There are three triangles in the figure.

b. Identify the three triangles by name.

Note that there are many ways to name the three triangles. Ensure that the names students give show corresponding angles.

Answer:

∆ ABC, ∆ ADB, and ∆ BDC.

We want to consider the altitude of a right triangle from the right angle to the hypotenuse. The altitude of a right triangle splits the triangle Into two right triangles, each of which shares a common acute angle with the original triangle. In ∆ ABC, the altitude \(\overline{B D}\) divides the right triangle into two sub-triangles, ∆ BDC and ∆ ADB.

c. Is ∆ ABC ~ ∆ BDC? Is ∆ ABC ~ ∆ ADB? Explain.

Answer:

∆ ABC and ∆ BDC are similar by the AA criterion. Each has a right angle, and each shares ∠C. ∆ ABC and ∆ ADB are similar because each has a right angle, and each shares ∠A, so, again, these triangles are similar by the AA criterion.

d. Is ∆ ABC ~ ∆ DBC? Explain.

Answer:

∆ ABC and ∆ DBC are not similar, because their corresponding angles, under the given correspondence of vertices, do not have equal measure.

e. Since ∆ ABC ~ ∆ BDC and ∆ ABC ~ ∆ ADB, can we conclude that ∆ BDC ~ ∆ ADB? Explain.

Answer:

Since similarity is transitive, ∆ ABC ~ ∆ BDC and ∆ ABC ~ ∆ ADB implies that ∆ ABC ~ ∆ BDC ~ ∆ ADB.

f. Identify the altitude drawn in ∆ EFG.

Answer:

\(\overline{G H}\) is the altitude from vertex G to the line

containing \(\overline{E F}\).

g. As before, the altitude divides the triangle into two sub-triangles, resulting in a total of three triangles including the given triangle. Identify them by name so that the corresponding angles match up.

Answer:

∆ EFG, ∆ GFH, and ∆ EGH

h. Does the altitude divide ∆ EFG into two similar sub-triangles as the altitude did with ∆ ABC?

Answer:

Yes.

Example 2

Consider the right triangle ∆ ABC below.

Draw the altitude \(\overline{B D}\) from vertex B to the line containing \(\overline{A C}\). Label \(\overline{A D}\) as x, \(\overline{D C}\) as y, and \(\overline{B D}\) as z.

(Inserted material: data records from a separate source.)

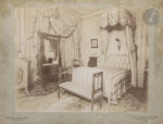 2) Dans sa chambre à coucher, Méry est assise en train de lire appuyée au guéridon (22,1 x 28,5). À droite du baldaquin du lit brodé à ses initiales, tout en haut, son portrait à l’huile par Gervex, et du même, l’esquisse Rosette à l’aquarelle pendue sur le miroir comme la Naissance de Vénus dans le salon cf. supra (les 3 Gervex à la Bibl. litt. J. Doucet).
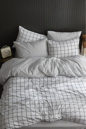 النمط الجيوميتري MNZ غطاء الواحد المطبخ مجموعة البيضاء Plaid طريقتين استخدام الأدلة السرير اللون الرمادي العادي NTTEKWEYZEKOSE
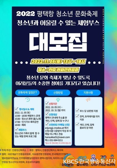 한국방송통신사 관리자 기자 | 안중청년회의소(회장 한석구)에서는 2022년 평택항 청소년 문화축제에 참가할 문화체험 부스 20팀과 노래·춤 경연에 도전할 청소년 경연 12팀을 모집하고 있다.

Find the values of x, y, and z.

Answer:

Provide students time to find the values of x, y, and z. Allow students to use any reasonable strategy to complete the task. The suggested time allotment for this part of the example is 5 minutes. Next, have students briefly share their solutions and explanations for finding the lengths x = 1\(\frac{12}{13}\), y = 11\(\frac{1}{13}\), and z = 4\(\frac{8}{13}\). For example, students may first use what they know about similar triangles and corresponding side lengths having equal ratios to determine x, then use the equation x + y = 13 to determine the value of y, and finally use the Pythagorean theorem to determine the length of z.

Now we will look at a different strategy for determining the lengths of X, y, and z. The strategy requires that we complete a table of ratios that compares different parts of each triangle.

Answer:

Students may struggle with the initial task of finding the values of x, y, and z. Encourage them by letting them know that they have all the necessary tools to find these values. When transitioning to the use of ratios to find values, explain any method that yields acceptable answers. We are simply looking to add another tool to the toolbox of strategies that apply in this situation.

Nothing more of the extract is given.